Friday, December 14, 2012

#548: A Safe Place

(Henry Jaglom, 1971)

A Safe Place is one of the worst movies in the Criterion Collection - not in the sense of a movie like Armageddon which was probably doomed to awfulness from the start, but just an experiment by a bunch of talented people that didn't work in pretty much every way. At every stage of the production and post-production, there were probably moments where the movie seemed like it was going pretty well, and taken on their own most scenes here could be the weakest scene in a much better but still mostly improvised, abstractly constructed film. But when they are all combined, it's a practically insufferable mess.
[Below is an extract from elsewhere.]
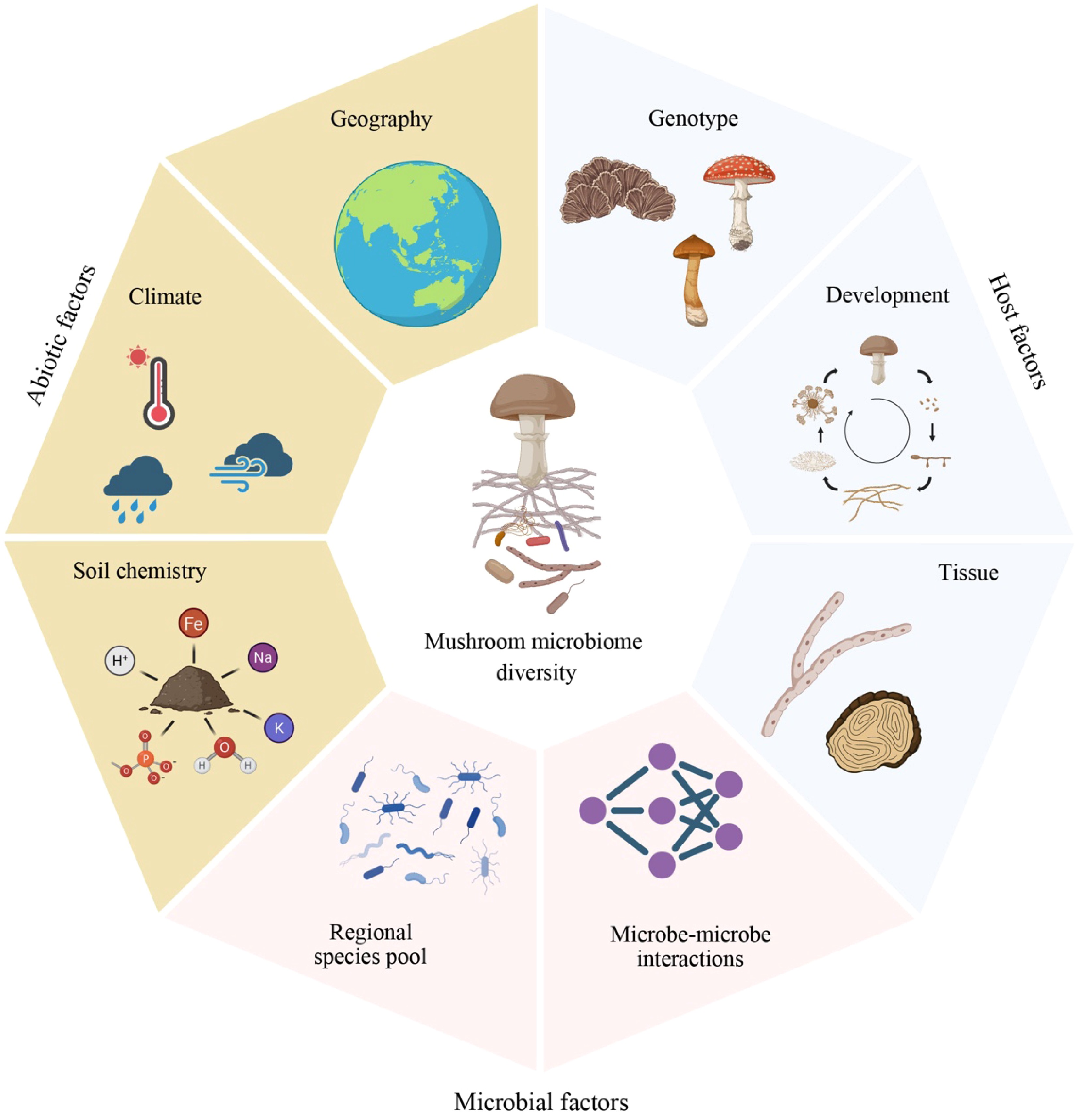 Abiotic and biotic factors influencing mushroom microbiome diversity. Microbiomes associated with mushroom-forming fungi are shaped by abiotic (brown-filled cells), host-related (blue-filled cells), and microbe-associated factors (red-filled cells). Although each factor is depicted separately, these factors are tightly linked to each other. The figure was created in BioRender.

Of course, I'd rather have ten of these than one Armageddon, just because one of those ten is probably going to be both great and potentially revolutionary - which is pretty much what happened with BBS, only they had a much more impressive track record. (Of course, the counter-argument is that one Armageddon would ideally pay for ten of those movies - a better argument ten years ago when Hollywood still wanted to make interesting movies alongside their shitty blockbusters, and an even better one when considering why BBS wasn't able to continue the ride.)

Having watched all the films in the BBS set now (the set as a whole didn't get a spine number for some reason, so I won't be posting on it), this really is a great set. With the exception of the two movies included on this disc, every other film is worth multiple viewings. The Last Picture Show is a genuine masterpiece, while Head, Five Easy Pieces, and The King of Marvin Gardens represent one of the most underrated beginnings to a directing career I can think of in Hollywood. (Sadly, both Rafelson and Bogdanovich failed to live up to their promise in their later careers.) Though the set doesn't touch on all of the things that made New Hollywood great (and obviously some of the major movies in the movement aren't here), the framing of BBS allows Criterion to grab at least a handful of the most significant ones, and wrap them up in a nice neat bow.

By the way, as annoying as I found her in this movie, someone really ought to put Tuesday Weld in a movie. She's only 69 and I'm pretty sure she hasn't forgotten how to act, which she does pretty well. In fact, she was damn near great in the now little-seen Didion adaptation Play It as It Lays. I realize she was never that huge of a star like Jack or anything, but it's just another prime example of how easily women are forgotten in Hollywood that she hasn't made a movie in nearly ten years and a relevant movie in nearly twenty.

I don't have much else to say beyond: really, Orson Welles?